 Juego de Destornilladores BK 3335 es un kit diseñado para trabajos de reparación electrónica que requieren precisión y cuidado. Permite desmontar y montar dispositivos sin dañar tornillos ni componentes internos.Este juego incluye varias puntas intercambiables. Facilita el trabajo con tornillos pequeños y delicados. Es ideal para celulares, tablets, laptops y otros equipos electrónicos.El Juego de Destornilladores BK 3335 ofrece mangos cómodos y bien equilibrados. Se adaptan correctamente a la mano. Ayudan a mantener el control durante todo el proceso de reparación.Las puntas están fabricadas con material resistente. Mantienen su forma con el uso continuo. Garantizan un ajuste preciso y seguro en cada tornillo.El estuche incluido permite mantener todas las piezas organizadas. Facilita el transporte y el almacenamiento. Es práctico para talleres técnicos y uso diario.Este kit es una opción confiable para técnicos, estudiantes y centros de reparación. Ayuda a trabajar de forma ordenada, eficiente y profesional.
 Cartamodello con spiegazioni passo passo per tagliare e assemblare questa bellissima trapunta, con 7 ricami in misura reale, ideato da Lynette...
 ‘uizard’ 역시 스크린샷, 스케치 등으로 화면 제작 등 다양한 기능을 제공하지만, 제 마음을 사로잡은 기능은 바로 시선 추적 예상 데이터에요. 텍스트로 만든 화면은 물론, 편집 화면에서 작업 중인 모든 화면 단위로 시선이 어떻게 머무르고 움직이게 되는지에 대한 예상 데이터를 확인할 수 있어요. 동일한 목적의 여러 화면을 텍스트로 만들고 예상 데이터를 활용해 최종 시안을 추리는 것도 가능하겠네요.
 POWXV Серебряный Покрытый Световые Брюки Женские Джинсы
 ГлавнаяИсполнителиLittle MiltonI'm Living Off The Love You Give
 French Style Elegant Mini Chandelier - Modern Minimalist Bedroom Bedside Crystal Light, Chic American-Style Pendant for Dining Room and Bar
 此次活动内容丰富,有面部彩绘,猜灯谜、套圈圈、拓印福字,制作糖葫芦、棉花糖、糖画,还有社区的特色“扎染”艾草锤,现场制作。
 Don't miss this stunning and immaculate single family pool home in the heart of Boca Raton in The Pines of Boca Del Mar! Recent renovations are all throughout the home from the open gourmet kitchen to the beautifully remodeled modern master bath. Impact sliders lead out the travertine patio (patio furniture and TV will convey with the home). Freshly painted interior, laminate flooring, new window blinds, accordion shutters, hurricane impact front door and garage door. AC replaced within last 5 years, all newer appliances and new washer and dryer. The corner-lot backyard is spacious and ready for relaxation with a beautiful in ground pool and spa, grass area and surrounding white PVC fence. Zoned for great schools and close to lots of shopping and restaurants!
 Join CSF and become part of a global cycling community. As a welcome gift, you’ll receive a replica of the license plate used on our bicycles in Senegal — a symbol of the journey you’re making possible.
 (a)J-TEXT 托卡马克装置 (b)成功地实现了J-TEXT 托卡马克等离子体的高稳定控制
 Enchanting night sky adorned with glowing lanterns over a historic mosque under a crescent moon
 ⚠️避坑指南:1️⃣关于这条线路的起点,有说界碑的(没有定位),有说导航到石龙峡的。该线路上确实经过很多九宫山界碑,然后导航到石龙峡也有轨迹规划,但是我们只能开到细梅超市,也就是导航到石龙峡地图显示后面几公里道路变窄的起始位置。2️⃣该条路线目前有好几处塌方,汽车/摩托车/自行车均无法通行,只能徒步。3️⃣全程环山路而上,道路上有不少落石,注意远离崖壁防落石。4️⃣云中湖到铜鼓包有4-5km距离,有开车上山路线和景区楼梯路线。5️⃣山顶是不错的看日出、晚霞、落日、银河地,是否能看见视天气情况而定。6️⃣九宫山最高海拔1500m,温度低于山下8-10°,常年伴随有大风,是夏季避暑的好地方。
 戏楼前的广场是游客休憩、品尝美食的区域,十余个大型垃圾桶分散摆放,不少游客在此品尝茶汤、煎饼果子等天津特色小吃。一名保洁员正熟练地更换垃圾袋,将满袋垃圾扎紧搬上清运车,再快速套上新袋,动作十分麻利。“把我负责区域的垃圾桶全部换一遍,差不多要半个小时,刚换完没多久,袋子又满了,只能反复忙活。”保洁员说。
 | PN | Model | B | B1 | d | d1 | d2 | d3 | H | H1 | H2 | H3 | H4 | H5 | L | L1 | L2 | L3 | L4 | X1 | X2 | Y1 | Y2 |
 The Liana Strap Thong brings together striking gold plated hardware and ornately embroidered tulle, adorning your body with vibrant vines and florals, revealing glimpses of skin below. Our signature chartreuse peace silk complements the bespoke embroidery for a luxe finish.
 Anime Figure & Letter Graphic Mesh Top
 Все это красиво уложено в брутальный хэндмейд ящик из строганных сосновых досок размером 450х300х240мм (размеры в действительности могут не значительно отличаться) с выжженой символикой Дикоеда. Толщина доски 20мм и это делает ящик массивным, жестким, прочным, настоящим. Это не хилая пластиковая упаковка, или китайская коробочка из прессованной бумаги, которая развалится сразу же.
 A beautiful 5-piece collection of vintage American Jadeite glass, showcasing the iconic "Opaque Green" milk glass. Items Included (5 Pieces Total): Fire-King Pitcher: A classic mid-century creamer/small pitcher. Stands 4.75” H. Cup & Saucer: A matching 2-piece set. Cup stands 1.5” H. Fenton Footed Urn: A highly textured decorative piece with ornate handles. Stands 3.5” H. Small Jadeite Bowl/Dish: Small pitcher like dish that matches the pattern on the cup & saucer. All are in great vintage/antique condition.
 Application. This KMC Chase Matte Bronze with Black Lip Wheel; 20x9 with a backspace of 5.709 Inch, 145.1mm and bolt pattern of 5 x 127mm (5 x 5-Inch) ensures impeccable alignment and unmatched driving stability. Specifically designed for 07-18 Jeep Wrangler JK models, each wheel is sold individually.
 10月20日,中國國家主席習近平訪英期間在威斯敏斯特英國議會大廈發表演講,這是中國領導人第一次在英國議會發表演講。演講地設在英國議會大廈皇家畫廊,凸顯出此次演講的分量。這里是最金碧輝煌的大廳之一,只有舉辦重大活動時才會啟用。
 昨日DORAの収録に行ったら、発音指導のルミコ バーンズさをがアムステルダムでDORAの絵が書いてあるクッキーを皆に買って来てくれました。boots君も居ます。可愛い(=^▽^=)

WHAT IS EXPECTED = Going down from the first line of the entries above, restate each line word for word until the line holding "POWXV Серебряный Покрытый" is done.

RESPONSE TO THIS TASK =
 Juego de Destornilladores BK 3335 es un kit diseñado para trabajos de reparación electrónica que requieren precisión y cuidado. Permite desmontar y montar dispositivos sin dañar tornillos ni componentes internos.Este juego incluye varias puntas intercambiables. Facilita el trabajo con tornillos pequeños y delicados. Es ideal para celulares, tablets, laptops y otros equipos electrónicos.El Juego de Destornilladores BK 3335 ofrece mangos cómodos y bien equilibrados. Se adaptan correctamente a la mano. Ayudan a mantener el control durante todo el proceso de reparación.Las puntas están fabricadas con material resistente. Mantienen su forma con el uso continuo. Garantizan un ajuste preciso y seguro en cada tornillo.El estuche incluido permite mantener todas las piezas organizadas. Facilita el transporte y el almacenamiento. Es práctico para talleres técnicos y uso diario.Este kit es una opción confiable para técnicos, estudiantes y centros de reparación. Ayuda a trabajar de forma ordenada, eficiente y profesional.
 Cartamodello con spiegazioni passo passo per tagliare e assemblare questa bellissima trapunta, con 7 ricami in misura reale, ideato da Lynette...
 ‘uizard’ 역시 스크린샷, 스케치 등으로 화면 제작 등 다양한 기능을 제공하지만, 제 마음을 사로잡은 기능은 바로 시선 추적 예상 데이터에요. 텍스트로 만든 화면은 물론, 편집 화면에서 작업 중인 모든 화면 단위로 시선이 어떻게 머무르고 움직이게 되는지에 대한 예상 데이터를 확인할 수 있어요. 동일한 목적의 여러 화면을 텍스트로 만들고 예상 데이터를 활용해 최종 시안을 추리는 것도 가능하겠네요.
 POWXV Серебряный Покрытый Световые Брюки Женские Джинсы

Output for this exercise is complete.